Even with a small feature-set fixed, there’s still a lot of work to pick a good concrete syntax: unambiguous to parse, useful to grep, easy to read and not too painful to write. A smart thing is of course to steal and borrow solutions from other languages, not because of familiarity, but because the ruthless natural selection tends to weed out poor ideas. But there’s a lot of inertia in languages, so there’s no need to fear innovation. If an odd-looking syntax is actually good, people will take to it.

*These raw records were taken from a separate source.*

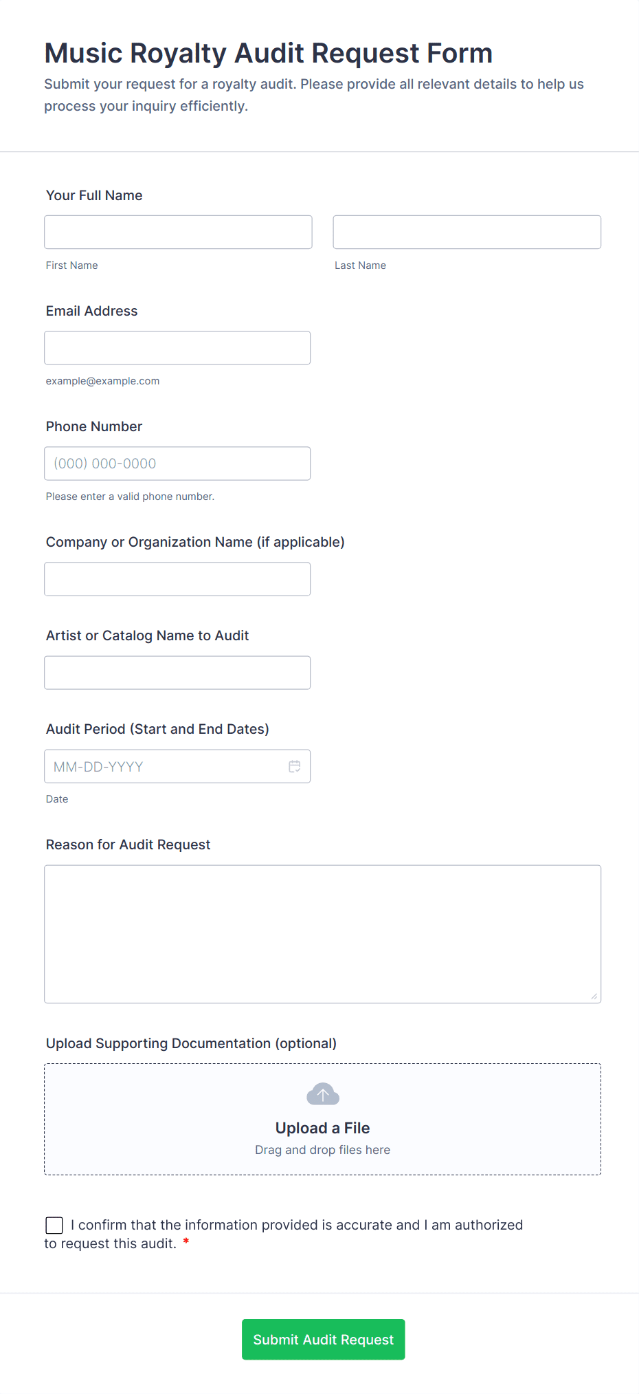 Audit forms are used by safety officers, quality managers, compliance teams, auditors, facility managers, HR professionals, and other stakeholders responsible for oversight and evaluation.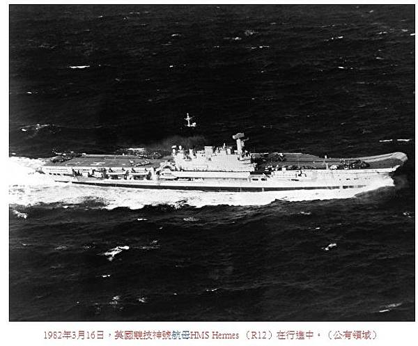 1982年3月16日,英國競技神號航母HMS Hermes (R12)在行進中。(公有領域)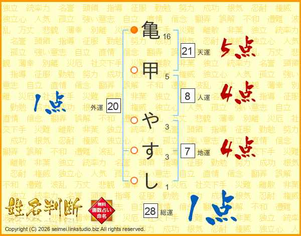 亀甲やすしさんの天運は21画の5点!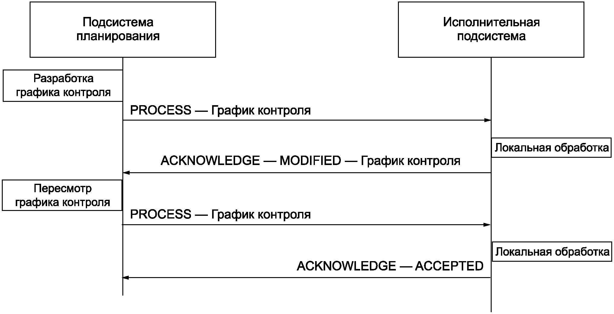 Пример - На рисунке A.10 показана последовательность сообщений в системе контроля состояния и диагностирования, идущих от планирующей подсистемы к исполнительной подсистеме. Получено исходное сообщение PROCESS с графиком контроля с заданной периодичностью. Возвращено сообщение ACKNOWLEDGE с флагом MODIFIED с графиком, где период между последовательными процедурами контроля увеличен, поскольку исполнительная подсистема определила невозможность реализации графика с предлагаемой периодичностью контроля. По получении предложения о модификации планирующая подсистема принимает решение о сокращении времени контроля за счет исключения одного из датчиков, но сохранения изначально предложенной периодичности контроля, и повторно направляет сообщение PROCESS исполнительной подсистеме. Исполнительная подсистема принимает график контроля и возвращает сообщение ACKNOWLEDGE с флагом ACCEPTED.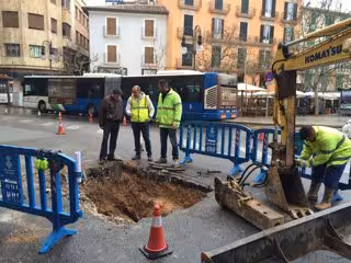 La incidencia se ha producido sobre las 9 de la mañana en la confluencia de la calle Sant Jaume con Joan Carles I y, si bien se trata de una canalización de escaso caudal, los operarios de la empresa municipal han tenido que excavar una zanja en el asfalto par poder acceder al punto exacto de la rotura y llevar a cabo los trabajos de reparación.

Is there anything about Zig’s syntax I don’t like? I thought no, when starting this post. But in the process of writing it I did discover one form that annoys me. It is the while with the increment loop:
var i: u32 = 0;
while (i < 10) : (i+=1) {
    print("{d}", .{i});
}
          
            This is two-thirds of a C-style for loop (without the
            declarator), and it sucks for the same reason: control flow jumps
            all over the place and is unrelated to the source code order. We go
            from condition, to the body, to the increment. But in the source
            order the increment is between the condition and the body. In Zig,
            this loop sucks for one additional reason: that :
            separating the increment I think is the single example of control
            flow in Zig that is expressed by a sigil, rather than a keyword.
          
            This form used to be rather important, as Zig lacked a counting
            loop. It has
            for(0..10) |i|
            form now, so I am tempted to call the while-with-increment
            redundant.
          
Annoyingly,
while (condition) {
    defer increment;
    body
}
          is almost equivalent to
while (condition) : (increment) {
  body
}
          
            But not exactly: if body contains a return, break or try, the defer version would run the
            increment one extra time, which is useless and might be
            outright buggy. Oh well.